City & Fire Dept. Moving Closer to Merging; State Initiative Could Help Fund Emergency Medical Services

By Al Stanek
Whitewater Banner volunteer staff
whitewaterbanner@gmail.com

The Whitewater Fire Department, like volunteer fire departments all around the state, is struggling with recruiting and paying for Emergency Medical Technicians (EMTs) and a newly announced state plan might be available to help cover some of the costs.

EMTs, the well-trained medical people who respond with an ambulance to medical emergencies, are in short supply and small communities like Whitewater, which have traditionally relied on paid on-call volunteer EMTs, have been experiencing serious staffing problems.

WI Governor Tony Ever’s State of the State address this week featured a plan to use $27.4 million of federal money to help cover increasing community expenses to provide emergency medical services. This comes as the City of Whitewater and the Whitewater Fire Department Inc. (WFD) are negotiating an agreement to integrate fire and EMT services as a City of Whitewater Department.

According to a February 17 press release, the Whitewater Fire Department, Inc. (WFD) “is in discussions with the City of Whitewater to become a city department in hopes to better service the city and surrounding townships.” Staffing concerns, particularly for the Rescue Squad, prompted discussions beginning in late 2021 of the possibility of a merger. On January 6 the members of WFD authorized the board of directors to move forward with efforts to become a city operation. (See the Banner report dated January 7.) This week’s press release indicates that a Memorandum of Understanding is currently being developed, with the transfer of the Rescue Squad personnel and operations expected to be the first phase. The merger “..is for the citizens,” said WFD Board of Directors President and Fire Captain Christ Christon. “We need to provide the best service we can to our community and the surrounding townships.”

According to the WI EMS Association, “In Wisconsin, we rely on nearly 800 emergency medical service providers — more than half are either operated exclusively by volunteers or through a combination of volunteers and paid staff.” Whitewater’s volunteer fire department is one of those 800 providers and has been experiencing problems in recruiting and maintaining paid on-call volunteers or even paid on-premise EMTs.

Incorporating WFD operations as a City of Whitewater function is likely to create an additional financial obligation for City of Whitewater taxpayers. The current roughly $1 million WFD operation is funded by an annual city contribution averaging roughly $250,000 along with revenue from contracts with surrounding townships and WFD fundraising activities. Earlier this year the city’s proposed borrowing plan included $700,000 (to be combined with $350,000 allocated in 2021) to go toward the replacement of a fire truck.

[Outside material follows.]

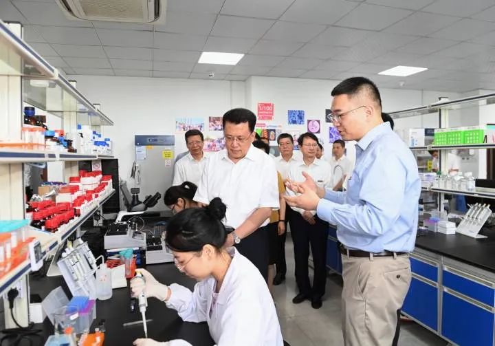 座谈会前,袁家军考察了浙江大学智能医药实验室,并听取了实验室主任、浙大药学院院长顾臻的汇报。该实验室整合分子药剂学、化学生物学等交叉学科前沿,从事蛋白质/核酸递药系统、生物响应材料等方面的研究,取得不少突破。袁家军饶有兴致地观看医药新材料展示,与师生交流。他说,青年时代是最能出科研成果的黄金时代,大家要耐得住寂寞,坚守踏实诚实的科学作风,坚持“四个面向”,加快科技创新、勇攀科学高峰,为浙江打造生命健康科创高地作出更大贡献。

The Governor’s plan includes pumping $8 million into a sparsely funded and lightly used state Emergency Medical Services Funding Assistance Program in the 2023 state budget along with $12 million in “EMS One Time Flexible Grants.” The state EMS Association reports that the source of the funding in reaction to the shortage of EMTs is the American Rescue Plan Act enacted in response to the COVID pandemic.

“We are thankful and appreciative that the Governor recognized the challenges that emergency medical services are facing in Wisconsin,” said the EMS Association’s Alan Young. “This funding will help ease some of the major challenges and will help EMS departments breathe a little easier as they support our local communities across Wisconsin.”

The nonpartisan WI Policy Forum (WPF), which labeled its recent analysis of the state’s EMS situation as “IN NEED OF RESUSCITATION,” recommends short term solutions like the one-time program announced by the Governor along with carefully thought-out EMS regional service plans and “… adjustments to financial constraints on local governments.”

The WPF analysis was critical of outdated spending limits under the state “Shared Revenue” program. The long-standing program of the state distribution of sales tax and other revenues to municipalities does not recognize increasing EMS and fire expenses due to changes in the ability of volunteer fire departments like Whitewater’s to maintain basic public safety services.

The WPF analysis indicates that the portion of municipal funding dedicated to EMS services is “trending down” while costs are trending upward rapidly.